Michael Ioane

Article II

Correcting Weak Business Structures

Fixing a business structure identified as weak requires a methodical approach that addresses the specific category of weakness, evaluates the available correction options given the current circumstances, and implements the correction in a way that strengthens the structure’s legal position rather than creating new vulnerabilities. The correction process is fundamentally different depending on whether the weakness is governance-based, financial, documentary, or timing-related, and a generic restructuring approach that does not address the specific category of weakness is unlikely to be effective.

Michael Ioane approaches structural correction as a diagnostic and remedial process, identifying the specific weakness, determining the appropriate correction given the constraints and current circumstances, and implementing the correction with the documentation and consistency required to demonstrate that the structure is now being operated correctly going forward.

Correcting Governance Weaknesses

Governance weaknesses are corrected by establishing, going forward, the documented governance practices that should have been maintained from the beginning. This means updating governing documents to accurately reflect current ownership, management, and business purpose; establishing a regular schedule for documenting significant decisions through written resolutions or meeting minutes; and ensuring that the designated authority holders are actually exercising the authority assigned in the governing documents.

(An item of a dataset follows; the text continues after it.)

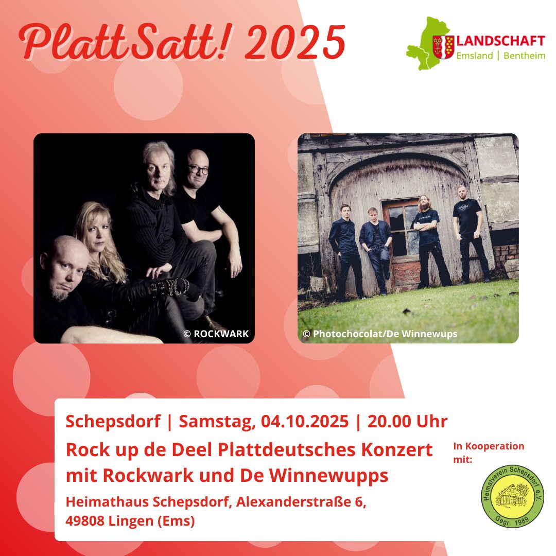 Im Heimathaus Schepsdorf wird es laut: Rockwark und De Winnewupps verwöhnen in einem Doppelkonzert die Ohren mit Rock und Metal up Platt. ROCKWARK ist es wichtig, dass PLATT einfach da ist – überall. ROCKWARK macht keine plattdeutsche Musik, ROCKWARK macht Hardrock mit plattdeutschen Texten, ganz so, wie es auch zu Hause gesprochen wird, in der eigenen Muttersprache.

A restructuring strategy for governance correction cannot retroactively create the governance records that should have existed in prior years; however, it can establish a clean, consistent governance practice going forward that demonstrates the entity is now being operated correctly. While historical governance gaps cannot be erased, a demonstrated pattern of correction and consistent subsequent governance can mitigate, though not eliminate, the evidentiary impact of the historical gaps if the structure is later challenged.

Correcting Financial Weaknesses

Financial weaknesses are corrected by establishing genuine financial separation going forward: dedicated bank accounts for each entity used exclusively for that entity’s financial activity, a halt to any commingling practices that have been occurring, and correct documentation of all intercompany transfers as the specific category of transaction they represent, whether loan, distribution, or payment for services.

Asset protection fix efforts to address financial weaknesses should also address capitalization gaps, ensuring that each entity holds resources proportionate to the activities it conducts and the obligations it may incur. Where an entity has been undercapitalized, appropriately documented additional capital contributions can address the going-forward capitalization concern, though they cannot retroactively address claims that may have already arisen during the period of undercapitalization.

Correcting Documentary Weaknesses

Documentary weaknesses are corrected by systematically updating all governing documents to accurately reflect each entity’s current ownership, management, asset composition, and operational realities. This includes amending operating agreements and bylaws, executing any missing intercompany agreements, and reviewing trust documents against actual trust administration to identify and address any inconsistencies.

The correction of documentary weaknesses should be approached comprehensively rather than addressing only the most obviously outdated documents. A thorough review often reveals multiple smaller documentary gaps throughout the structure, and addressing them comprehensively in a single coordinated update process is more efficient and yields a more coherent result than addressing them piecemeal as they are identified.

Correcting Timing Weaknesses

Timing weaknesses present the most constrained options for correction because the legal significance of timing is fixed by historical facts and cannot be altered retroactively. Where a timing weakness is identified, the available corrections are generally limited to ensuring that any future transfers are appropriately timed and documented, and to consulting with legal counsel regarding the specific exposure created by the historical timing weakness and the defensive strategies that may be available if the transfer is challenged.

Michael Ioane addresses timing weaknesses by emphasizing that the most important corrective action is preventing future timing weaknesses through disciplined adherence to the principle that significant structural implementations should occur well in advance of any identifiable creditor relationship. Where a historical timing weakness cannot be corrected, the focus shifts to building the strongest possible defense for that specific transfer, including documentation of any legitimate business purpose and evidence of fair value exchanged.

Correcting a weak structure is not always a matter of starting over. It is often a matter of identifying the specific gap, understanding what correction is available given the current circumstances, and implementing that correction with the same discipline that should have been applied from the beginning.

The information in this article reflects general structural principles and practical observations from consulting experience and is provided for educational purposes only. It should not be interpreted as individualized legal or tax advice.